A garment device convertible to one or more facemasks wherein the garment device has a plurality of detachable cup sections. Each of the cup sections has a filter device, an inner portion positionable adjacent to the inner area of the user’s chest, and an outer portion positionable adjacent to the outer area of the user’s chest. The garment device has at least one securing device detachably coupling the inner portions of the cup sections to one another, and the garment device has at least one other securing device attached to the outer portion of at least one of the cut sections.
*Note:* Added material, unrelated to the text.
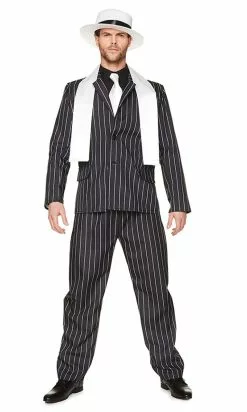 Become your city’s boss of gangsters and the richest of them all in in this Gangster Mob Boss Men Costume! This classic costume features a pinstripe button up jacket with faux pocket details and attached white handkerchief. It includes black and white matching pinstripe trousers with elastic waist and a white satin thick gangster scarf. No gangster costume will be complete without its hat, this one is made from white padded foam with a wire brim edge and black ribbon. This super costume will be perfect for a 20’s themed party or many other events!Â
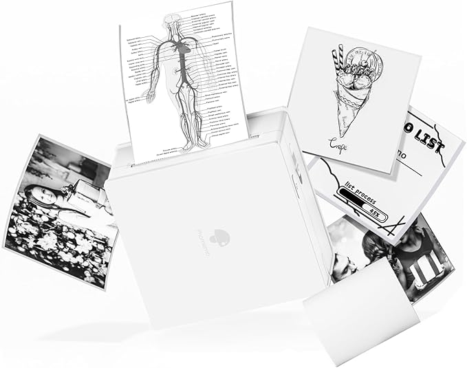 - Mini Mobile Printer with Powerful APP- one-click printing, saving time and effort, phomemo M02 note printer can print photos and text instantly, phomemo app offers variety of fonts, filter effects and themes, makes your black and white image more HD.

This other securing device is operable to: (a) detachably couple the outer portions of the cup regions to one another; and (b) for each one of the cup sections, attach the outer portion of said cup region to the inner portion of said cup region after said cup region is detached from the other cup region, thereby converting the garment device to a plurality of facemasks.
Abstract for Patent Number 7255627, aka Garment device convertible to one or more facemasks, by Elena N. Bodnar.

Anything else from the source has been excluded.